要不都说苏秋意是个蠢人,林诗音更愿意借她的手去做坏事。
苏秋意在流云阁留下自己的真实姓名,又在秘药传人处留下自己的联系方式,不就等于在告诉别人,她是兵部侍郎府的千金小姐,她的名字是苏秋意?
林诗音自己就是不愿意留下痕迹,才会假借她的手去办事。
可惜苏秋意自己没有意识到这一点,还以为是自己的身份足够分量,才能让流云阁愿意把信息卖给她。
不过,她的身份确实起到一定的作用,因为流云阁做生意,一向只和有身份地位的人交易,平民百姓,并没有这个机会。
苏秋意买药的消息,不久就传到初禾的耳朵里。
那日午后,初禾坐在邹红院里的竹摇椅里,惬意地享受着温暖的阳光。她有好久没有这般放松过了。
这几日,沈灼都有事要忙。刘家村大坟的事,引起皇帝的重视,兄弟俩不知做何布置,初禾并不关心,她只知道自从探大坟回来后,沈灼比往常忙了许多。

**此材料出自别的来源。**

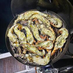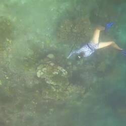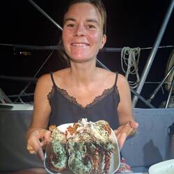 En arrivant, Blue Moana nous appelle en criant qu’ils ont pêché trois poissons ! Malo peste : nous, aucun… ce sera pour la prochaine fois. Ils se sont mis un peu plus loin au mouillage. En fin de journée, nous les retrouvons pour une session snorkeling. Nous attrapons deux poissons-lions et deux petites langoustes pour le dîner. Décidément, on se régale. Je rentre au bateau à la nage : ça fait du bien.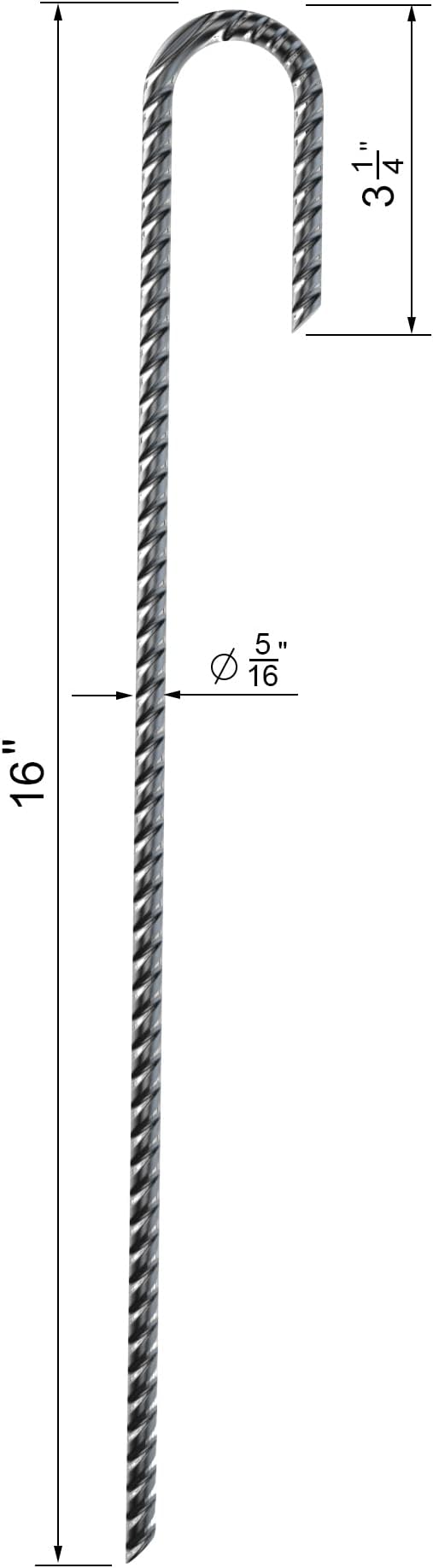 - SPECIFICATIONS: The rebar stakes are 16 inches long and 5/16 inches in diameter.

初禾并不想去参与沈灼的太多事,她自己手上还有一大堆事没有去办。所以这日,她吃过午饭后就出王府去回春堂看看修缮的进度,然后到邹红店里来,不想才一进门,就听到这个消息。
“苗族秘药?”初禾微眯着眼,玩味地琢磨着这四个字。
邹红坐在她身边的石凳上,一边摘着菜,一边陪着她说话。
前面店门是开着的,但她们都不担心有没有人来,因为若是有人进来,后院的风铃就会响起,这样她们也会知道。
这个设置是老吴做的。这个看着五大三粗的男人,其实是很有智慧的一个人,更别说,他当初还是义父手下的一名得力助手。
李忠年前回林州,年后到京都,带来了林州的消息。陈叔也给初禾回了一封信,信中把林州的事情都做了详细的汇报。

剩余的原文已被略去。